Thrivent’s written supervisory procedures required its registered representatives (RRs) to submit a written request and receive company approval before engaging in any outside business activity. Thrivent’s WSPs defined outside activities as, among other things, positions that required the RRs to make financial or business decisions or direct another party to make such decisions.
Chatfield participated in three undisclosed outside business activities for which she received compensation. As the principal and owner of AA, a limited liability company she established in December 2008, Chatfield provided bookkeeping and accounting services to small businesses and individuals. As the office manager for DCH, a veterinary practice and animal hospital, Chatfield provided bookkeeping, accounting, real estate management, and/or personal management services to the hospital, its owner SH, and related entities. Chatfield also served as a director and treasurer for DCH. Finally, as trustee for SH’s estate, Chatfield facilitated the completion of the estate documents, including a will and trust document, for which she received trustee fees.
Although she was actively engaged in these outside business activities when she joined Thrivent as a GSR and knew she was required to disclose any outside activity, Chatfield did not, nor did she otherwise seek approval until March 2017, when she filed a request for approval of her service as DCH’s office manager.

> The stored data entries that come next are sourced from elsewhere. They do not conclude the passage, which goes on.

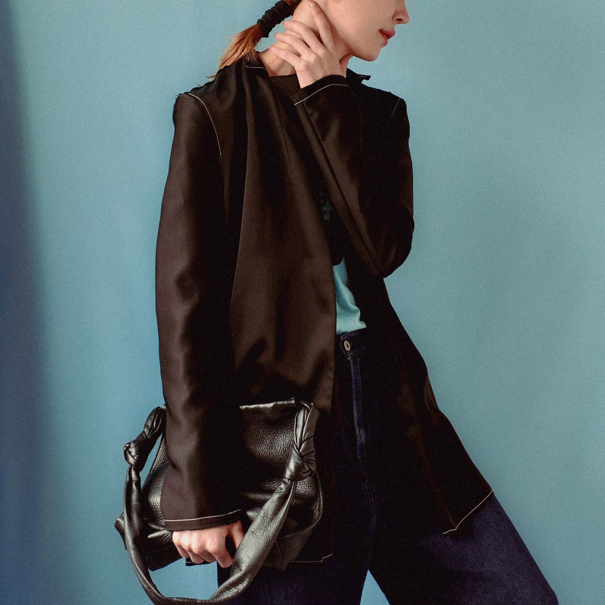 すべすべてろんと気持ち良い手応えを感じるサテン素材。穏やかな艶のハーフマットでシックな黒が美しいです。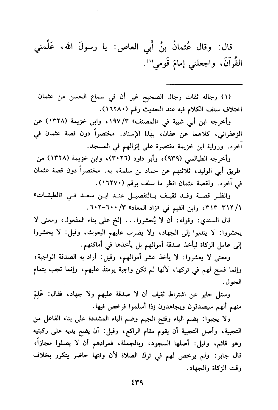 قَالَ: وَقَالَ عُثْمَانُ بْنُ أَبِي الْعَاصِ: يَا رَسُولَ اللهِ عَلِّمْنِي الْقُرْآنَ، وَاجْعَلْنِي إِمَامَ قَوْمِي (١)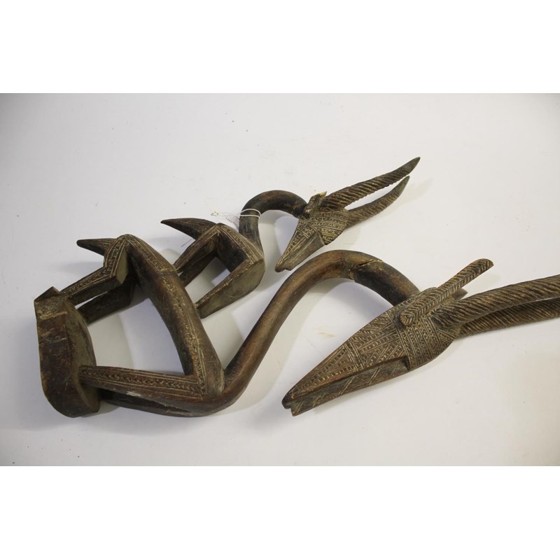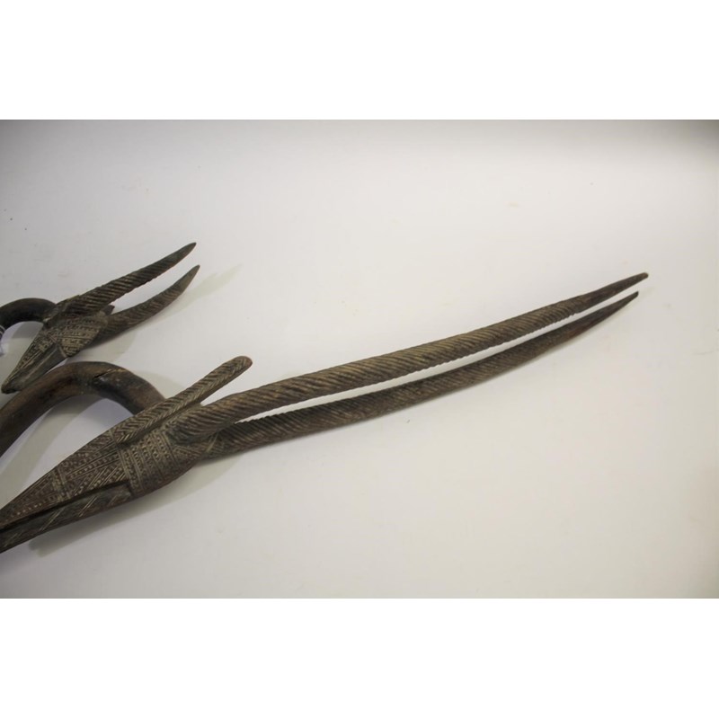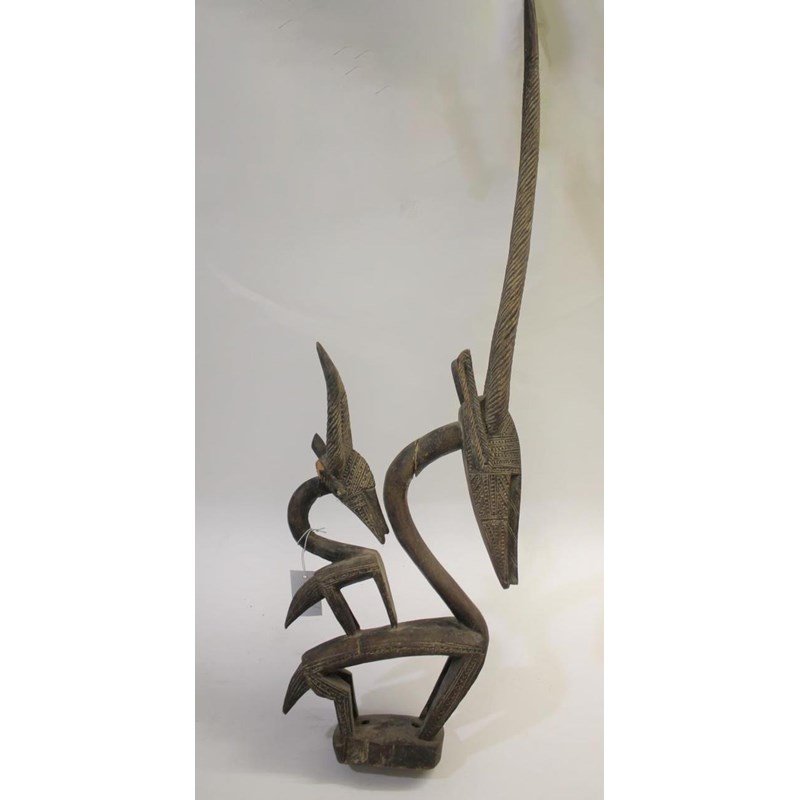 from Mali, with various carved decoration to the heads and bodies of the antelopes, and with spiral carved horns. With pierced holes to the base, some repairs. 90cms high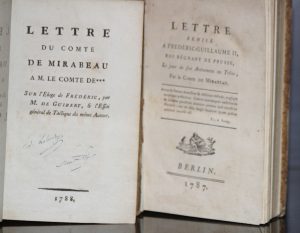 - Lettre remise à Frédéric-Guillaume II, roi régnant de Prusse, le jour de son avènement au trône, par le Cte de Mirabeau. Berlin, 1787. 91 pp.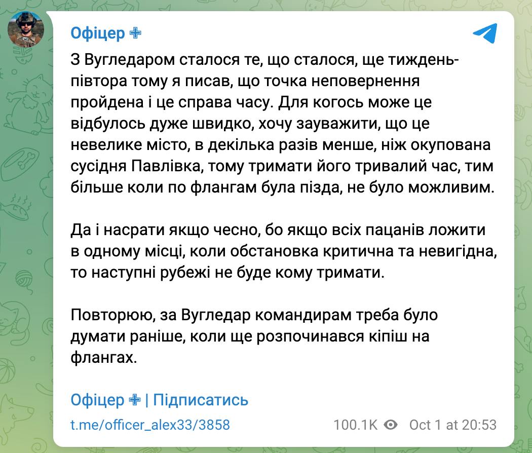 "С Угледаром произошло то, что произошло, еще неделю-полторы назад я писал, что точка невозврата пройдена и это дело времени. Если всех пацанов ложить в одном месте, когда обстановка критическая и невыгодная, то следующие рубежи некому будет держать. Об Угледаре командирам надо было думать раньше, когда еще начинался кипиш на флангах", - пишет военный.

However, even when she sought approval to work as DCH’s office manager, Chatfield did not disclose her other positions with DCH, her appointment as trustee, or the accounting and booking services she provided through AA. Hence the FINRA violations.
And, where was compliance?
In the dark. If employees, or RIAs, or GSRs do not disclose their outside business activities, what can compliance professionals do? Perhaps more due diligence and background checks. The lack of transparency cost Chatfield a three-month suspension from association with any FINRA member firm in any capacity and a $5,000 fine. Moreover, the FINRA Letter of Acceptance, Waiver, and Consent she signs will be included in her record.